Supercurrent Pumping in Josephson Junctions with a Half-Metallic Ferromagnet

A Josephson current through a half-metallic ferromagnet between two conventional superconductors is theoretically studied. The spin dynamics such as magnon excitation plays a crucial role not only for the conversion between spin-singlet and spin-triplet pairs but also for the formation of the composite state of a triplet Cooper pair and magnon, by which the Josephson current flows between the superconductors. We propose the supercurrent pumping driven by the coherent precession of the magnetization by tuning the microwave frequency to the ferromagnetic resonance frequency in a ferromagnetic Josephson junction.

Figure 1

Josephson junction with HM of thickness $d_F$ between two $s$-wave spin-singlet $S1$ and $S2$. A tunnel barrier is inserted at the interface.
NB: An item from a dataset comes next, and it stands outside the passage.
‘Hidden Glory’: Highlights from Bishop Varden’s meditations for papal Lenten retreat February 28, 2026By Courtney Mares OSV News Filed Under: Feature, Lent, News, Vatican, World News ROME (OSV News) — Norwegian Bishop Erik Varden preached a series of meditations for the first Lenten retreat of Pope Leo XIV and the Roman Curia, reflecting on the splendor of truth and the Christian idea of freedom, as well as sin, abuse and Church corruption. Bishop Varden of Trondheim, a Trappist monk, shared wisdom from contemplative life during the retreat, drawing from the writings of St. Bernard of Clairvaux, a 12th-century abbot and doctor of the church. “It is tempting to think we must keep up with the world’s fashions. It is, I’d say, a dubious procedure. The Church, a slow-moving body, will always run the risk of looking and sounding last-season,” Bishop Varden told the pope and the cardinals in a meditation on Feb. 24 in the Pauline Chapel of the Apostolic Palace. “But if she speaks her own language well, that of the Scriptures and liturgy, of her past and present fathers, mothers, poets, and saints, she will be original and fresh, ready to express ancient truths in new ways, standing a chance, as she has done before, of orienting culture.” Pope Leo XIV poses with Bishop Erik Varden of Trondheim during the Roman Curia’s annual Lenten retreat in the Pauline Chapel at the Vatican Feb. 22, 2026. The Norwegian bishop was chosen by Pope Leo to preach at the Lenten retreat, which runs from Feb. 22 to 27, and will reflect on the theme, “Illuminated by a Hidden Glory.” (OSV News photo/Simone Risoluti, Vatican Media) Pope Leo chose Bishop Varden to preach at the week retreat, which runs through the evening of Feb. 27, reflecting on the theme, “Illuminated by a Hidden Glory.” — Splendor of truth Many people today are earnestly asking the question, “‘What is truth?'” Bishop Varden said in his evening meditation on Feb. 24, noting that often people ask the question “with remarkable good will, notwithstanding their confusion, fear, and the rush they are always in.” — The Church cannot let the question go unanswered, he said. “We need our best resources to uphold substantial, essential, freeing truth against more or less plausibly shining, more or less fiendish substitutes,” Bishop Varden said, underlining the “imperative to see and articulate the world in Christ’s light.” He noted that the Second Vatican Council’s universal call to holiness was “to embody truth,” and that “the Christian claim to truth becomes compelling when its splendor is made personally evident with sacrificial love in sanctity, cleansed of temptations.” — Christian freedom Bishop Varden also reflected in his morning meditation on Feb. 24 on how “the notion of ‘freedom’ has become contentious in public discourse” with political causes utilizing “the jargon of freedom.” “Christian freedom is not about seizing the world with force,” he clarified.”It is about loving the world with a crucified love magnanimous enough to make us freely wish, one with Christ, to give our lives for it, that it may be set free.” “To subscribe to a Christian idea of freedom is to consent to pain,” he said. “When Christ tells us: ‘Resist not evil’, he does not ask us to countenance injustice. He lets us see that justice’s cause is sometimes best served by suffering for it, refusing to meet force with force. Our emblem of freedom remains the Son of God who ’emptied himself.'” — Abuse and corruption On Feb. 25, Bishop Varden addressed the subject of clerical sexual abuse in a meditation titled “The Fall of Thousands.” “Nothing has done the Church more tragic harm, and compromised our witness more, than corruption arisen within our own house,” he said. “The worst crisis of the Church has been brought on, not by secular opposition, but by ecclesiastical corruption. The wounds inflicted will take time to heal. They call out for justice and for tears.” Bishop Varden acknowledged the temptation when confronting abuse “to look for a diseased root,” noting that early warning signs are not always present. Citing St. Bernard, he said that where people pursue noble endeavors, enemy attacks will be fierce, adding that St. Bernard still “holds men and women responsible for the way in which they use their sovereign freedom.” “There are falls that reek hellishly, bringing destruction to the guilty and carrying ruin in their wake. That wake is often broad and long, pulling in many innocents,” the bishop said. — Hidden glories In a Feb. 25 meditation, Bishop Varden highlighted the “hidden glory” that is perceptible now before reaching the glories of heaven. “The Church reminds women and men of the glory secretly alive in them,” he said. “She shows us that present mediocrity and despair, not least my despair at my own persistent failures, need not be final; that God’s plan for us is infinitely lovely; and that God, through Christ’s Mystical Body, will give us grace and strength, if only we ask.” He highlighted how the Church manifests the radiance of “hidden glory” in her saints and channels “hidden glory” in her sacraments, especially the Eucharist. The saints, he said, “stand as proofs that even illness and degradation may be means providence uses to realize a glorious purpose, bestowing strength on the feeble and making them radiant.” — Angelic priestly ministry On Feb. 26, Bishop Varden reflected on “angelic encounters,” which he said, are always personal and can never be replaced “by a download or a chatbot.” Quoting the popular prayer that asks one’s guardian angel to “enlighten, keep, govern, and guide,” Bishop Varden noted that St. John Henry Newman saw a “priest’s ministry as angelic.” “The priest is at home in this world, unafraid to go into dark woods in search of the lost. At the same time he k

A microwave radiation $h_{\mathrm{ac}}$ onto HM causes the precession of the magnetization $\mathbf{M}$.

Figure 2

Feynman diagrams, (a) and (b), describing the correlated tunneling of a Cooper pair from $S1$, through HM, to $S2$. The wavy lines represent the propagation of magnon, and $T_{\sigma {\sigma }^{\prime }}$ is the spin-dependent tunnel matrix element.

Figure 3

(a) Normalized critical current $I_c$ vs microwave frequency $\Omega$. (b) Normalized critical current $I_c$ vs temperature $T$ for different values of thickness $d_F$ of HM and ${\xi }_0={\xi }_T(T_c)$.